Thread: Proving that a distance is always equal to 1

1. Proving that a distance is always equal to 1

Hi guys, this is the second problem I have here in the math forums (and should be my last for a while, hopefully).

I am given a question that says I need to prove that the distance between a and c is always equal to one. The question also says that line "l" is the tangent line to the graph of the function y = e^x (of course, at the point where (a,b). C is when that line touches the x-axis.

The image below is what I made to try and make things clear for you.

So, I think I have an idea of how to prove it. Should I be trying to do something with the pythagorean theorem where the vertical line is the dotted line from point (a,b) to point (a) on the x axis and the other leg of the triangle is from a to c. The a - to - c leg is what I'm looking for to equal one.

x^2 + y^2 = c^2

Where x is a-to-c. Thus ...

x^2 = 1, so how do I prove this?

2. Originally Posted by Lord Darkin
Hi guys, this is the second problem I have here in the math forums (and should be my last for a while, hopefully).

I am given a question that says I need to prove that the distance between a and c is always equal to one. The question also says that line "l" is the tangent line to the graph of the function y = e^x (of course, at the point where (a,b). C is when that line touches the x-axis.

The image below is what I made to try and make things clear for you.

So, I think I have an idea of how to prove it. Should I be trying to do something with the pythagorean theorem where the vertical line is the dotted line from point (a,b) to point (a) on the x axis and the other leg of the triangle is from a to c. The a - to - c leg is what I'm looking for to equal one.

x^2 + y^2 = c^2

Where x is a-to-c. Thus ...

x^2 = 1, so how do I prove this?
I would approach it like this. The derivative of $e^x$ at the point $x=a$ is $e^a$. So the line tangent to $e^x$ at $(a,e^a)$ is given by $e^a=e^a\cdot a+b$, where $b$ is the y-intercept. Solving the equation for $b$ gives $b=e^a(1-a)$.

So the equation of your tangent is $y=e^a x+e^a(1-a)$; in other words, $y=e^a(x+1-a)$.
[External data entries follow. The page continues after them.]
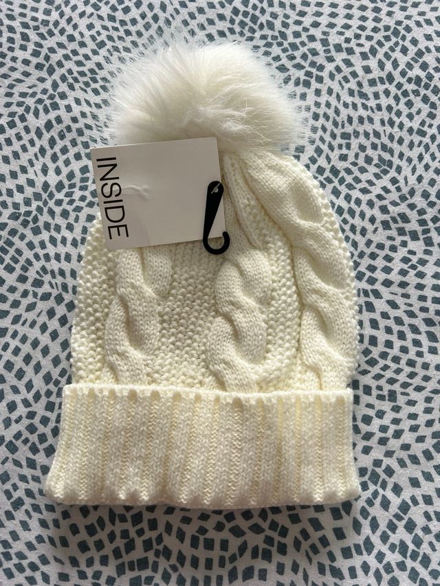 Gorro de lana tejido con un pompón de pelo sintético. Es de la tienda Inside de carrefour de tenerife, esta sin utilizar.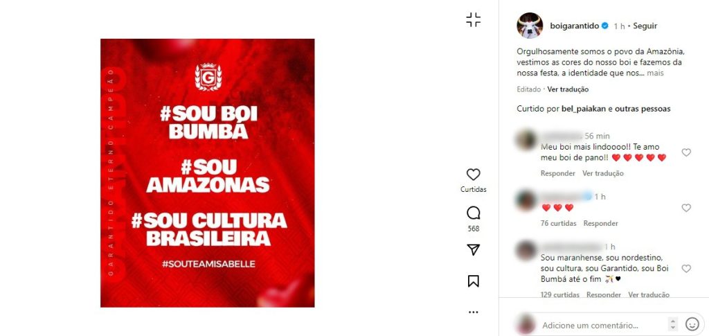 “Orgulhosamente somos o povo da Amazônia, vestimos as cores do nosso boi e fazemos da nossa festa, a identidade que nos projeta para o mundo. Somos um povo de muita história, de uma linda cultura, cheio de criatividade, de luta e de fé. Nós somos as mãos que fazem arte! Nós somos o Festival de Parintins!“, publicou.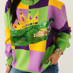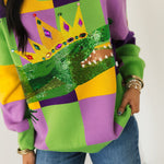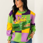 Mardi Gras Checkered Alligator Queen Sweater | Queen Of Sparkles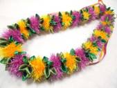 NO.2011 製作者:Izumi.Hさん コメント:リボンをさいて、ちぢめて。この作業がとても好きです。色もとってもキレイ!大好きなレイの一つがまたふえました。 |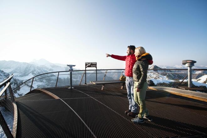 Tipp: In fünf Minuten gelangt man von der Bergstation der Schaufeljochbahn zur Gipfelplattform TOP OF TYROL. Auf 3.210 Metern Seehöhe eröffnen sich herrliche Ausblicke über zahlreiche Dreitausender bis hin zu den Dolomiten.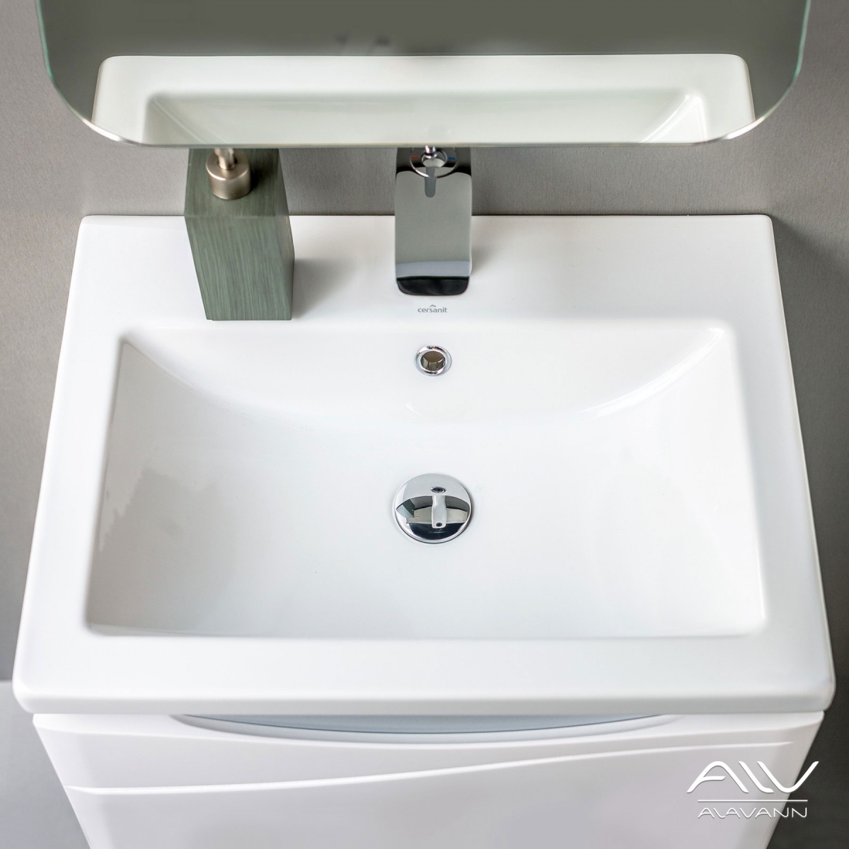 Тумба с раковиной Silvia - это функциональный авторский дизайн и высококачественные материалы, которые гарантируют максимально долгий срок эксплуатации изделия в условиях ванной комнаты (повышенная влажность, перепад температуры). Благодаря отсутствия ручек и фурнитуры, Silvia может комбинироваться с зеркальными шкафами и зеркалами из других коллекций Alavann . Комплектуется раковиной Cersanit Como.
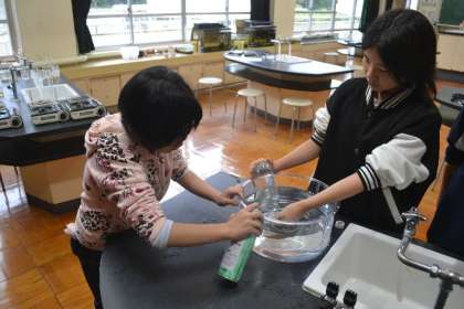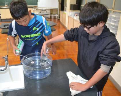 6年生の理科の授業では、二酸化炭素の性質について学ぶ実験を行いました。今回のテーマは、「二酸化炭素は水に溶けるのか?」。子どもたちは、水上置換法でペットボトルにためた二酸化炭素と3分の1ほど残した水を振って、どんな変化が起こるかを観察しました。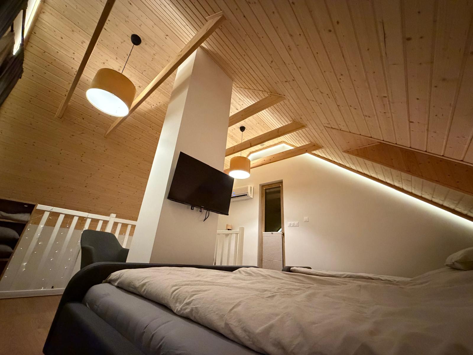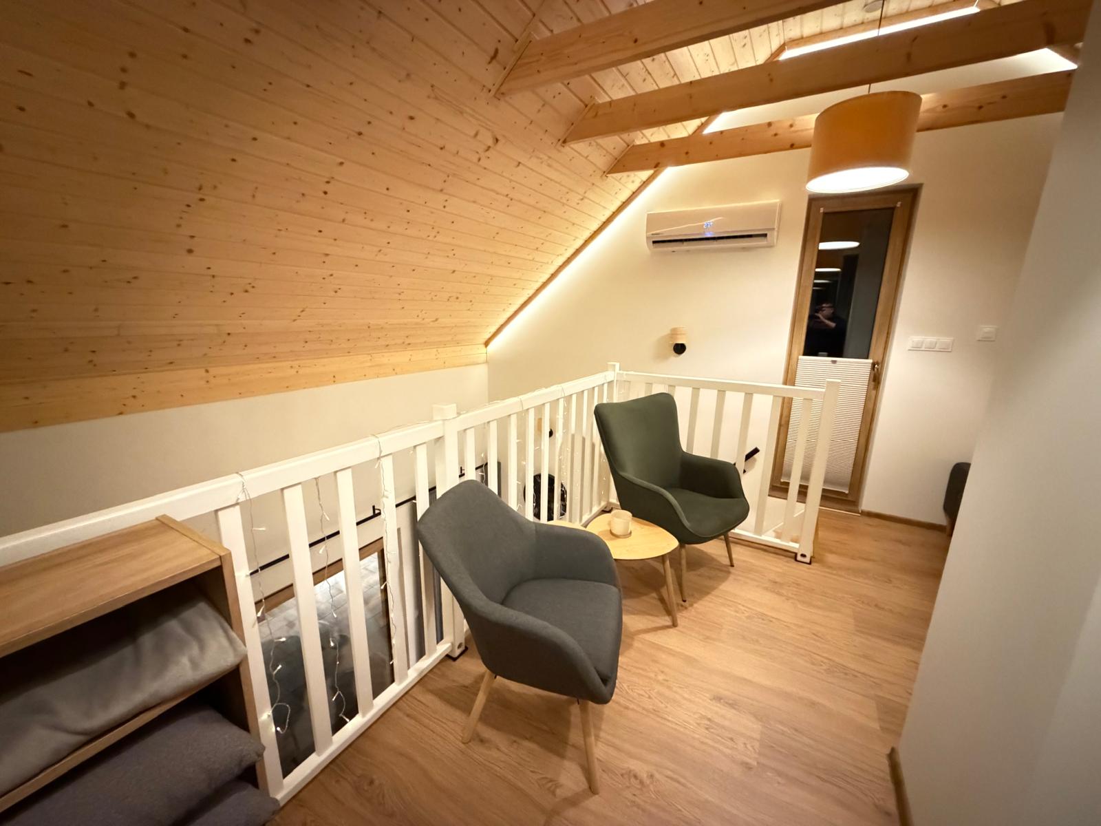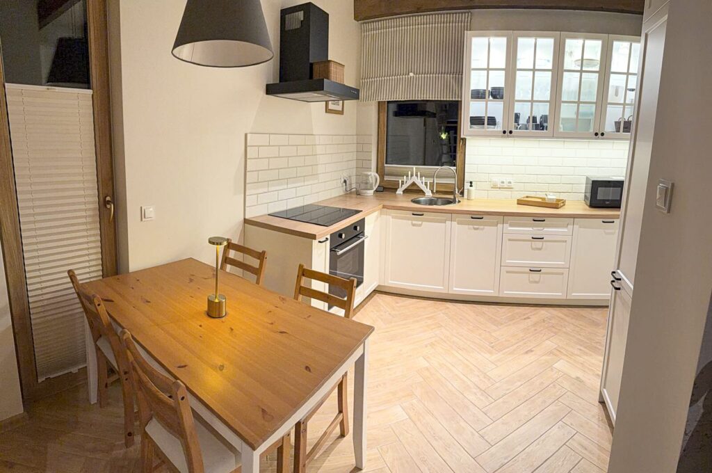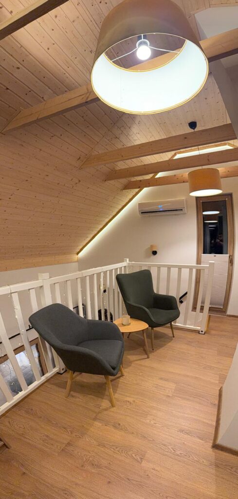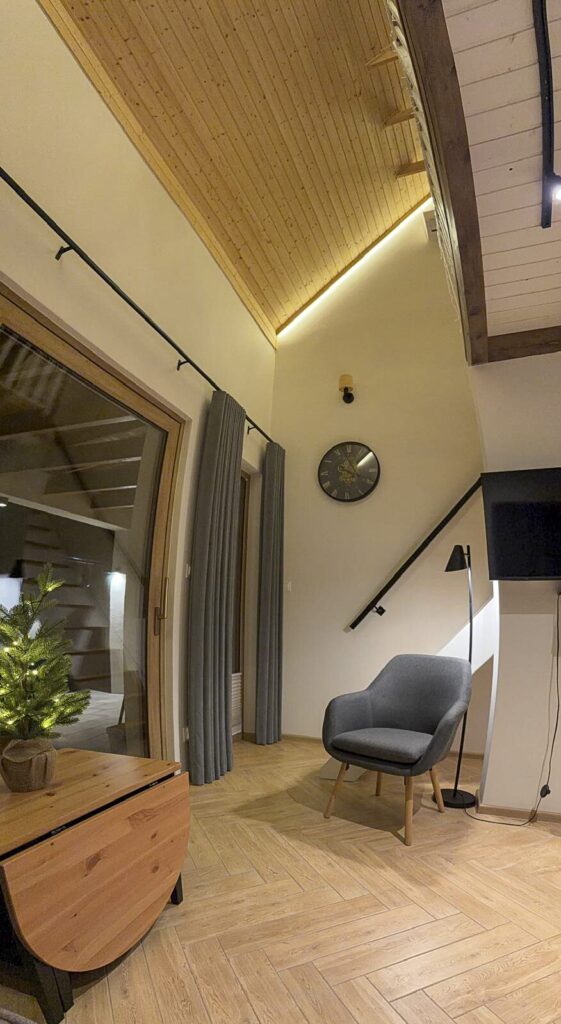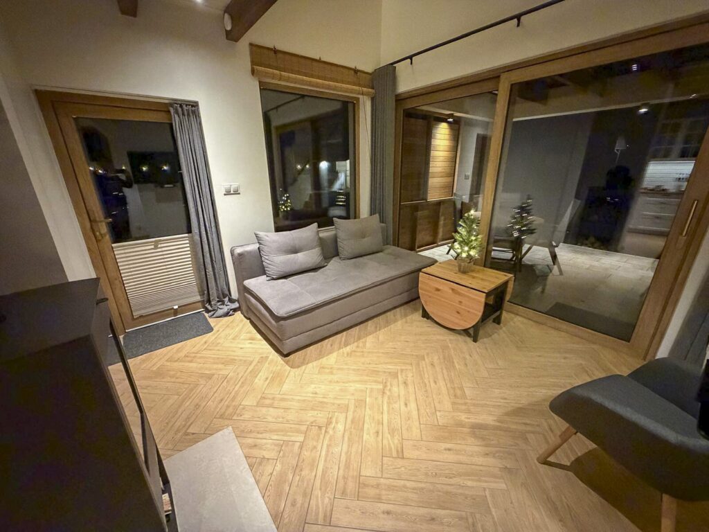 Zapraszamy do środka Domku Olchówka. Oferujemy przestronny salon z kominkiem, w pełni wyposażoną kuchnię z nowoczesnym sprzętem oraz przytulną antresolę. Każdy detal został zaprojektowany z myślą o Twoim wypoczynku – od ogrzewania podłogowego po klimatyzację.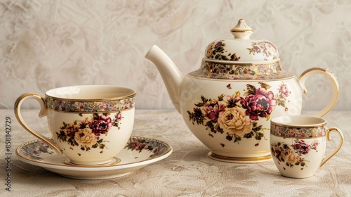 Fine vintage porcelain tea set with floral print and gold rim on cream table with space for text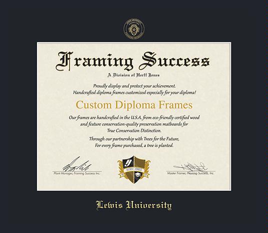 Lewis University Diploma Frame with Dark Black Mat and Gold Embossing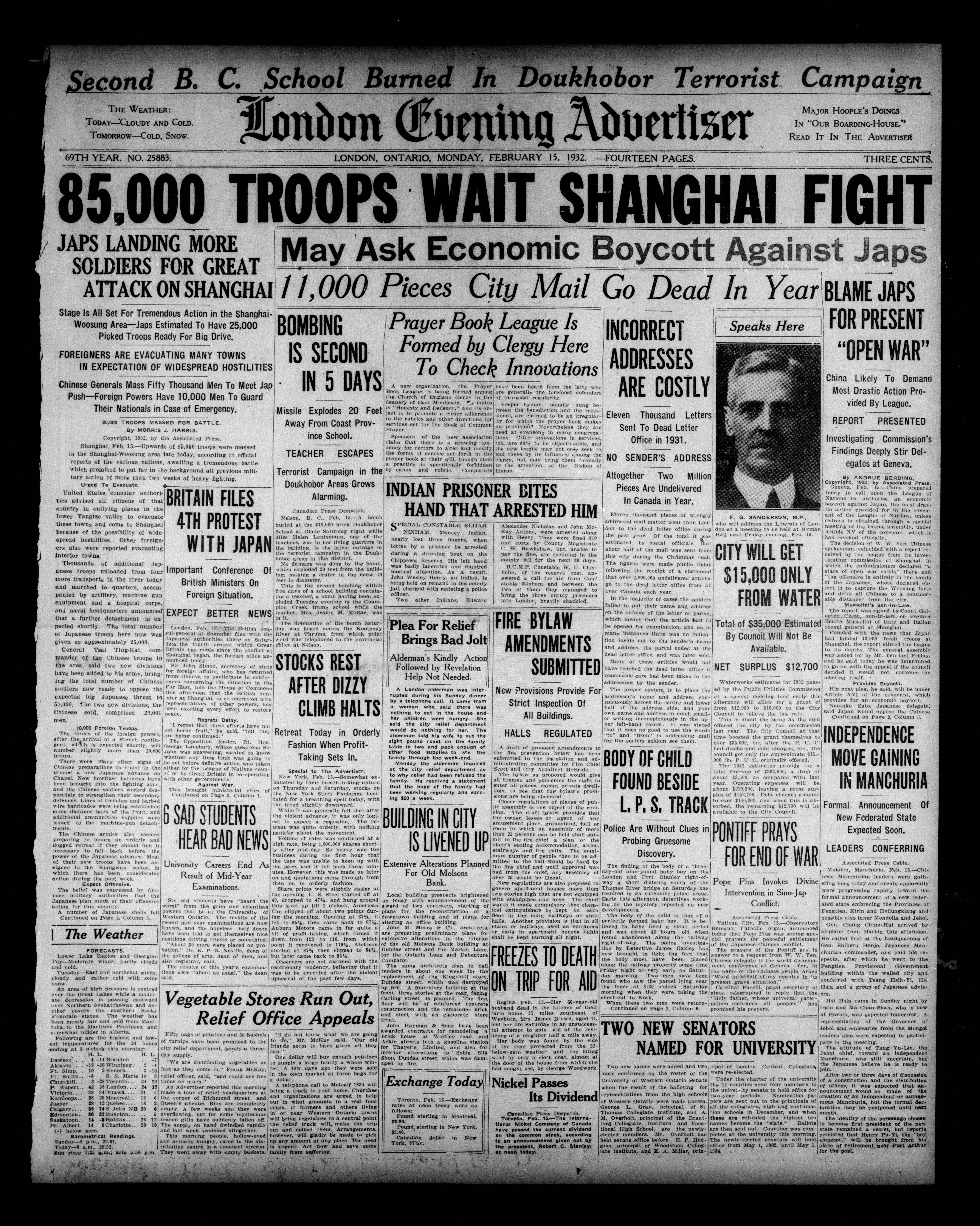 London evening advertiser : 69th Year, No. 25883 (February 15, 1932) - Published

From this equation, it's easy to see that it is equal to $0$ only when $x=a-1$, which is exactly what you were trying to prove. $\square$

3. Originally Posted by redsoxfan325
I would approach it like this. The derivative of $e^x$ at the point $x=a$ is $e^a$. So the line tangent to $e^x$ at $(a,e^a)$ is given by $e^a=e^a\cdot a+b$, where $b$ is the y-intercept. Solving the equation for $b$ gives $b=e^a(1-a)$.

So the equation of your tangent is $y=e^a x+e^a(1-a)$; in other words, $y=e^a(x+1-a)$.

From this equation, it's easy to see that it is equal to $0$ only when $x=a-1$, which is exactly what you were trying to prove. $\square$
Thanks. I understand now. This site is awesome, hope I can donate once I get a credit card.

4. By the way, did you use the point slope formula to get

$
e^a=e^a\cdot a+b$

If not, how did you get that?

5. It was worded sort of poorly by me. I was using the slope intercept equation for a line: $y=mx+b$. I plugged in $e^a$ for $y$, $e^a$ for $m$, and $a$ for $x$, and solved for $b$.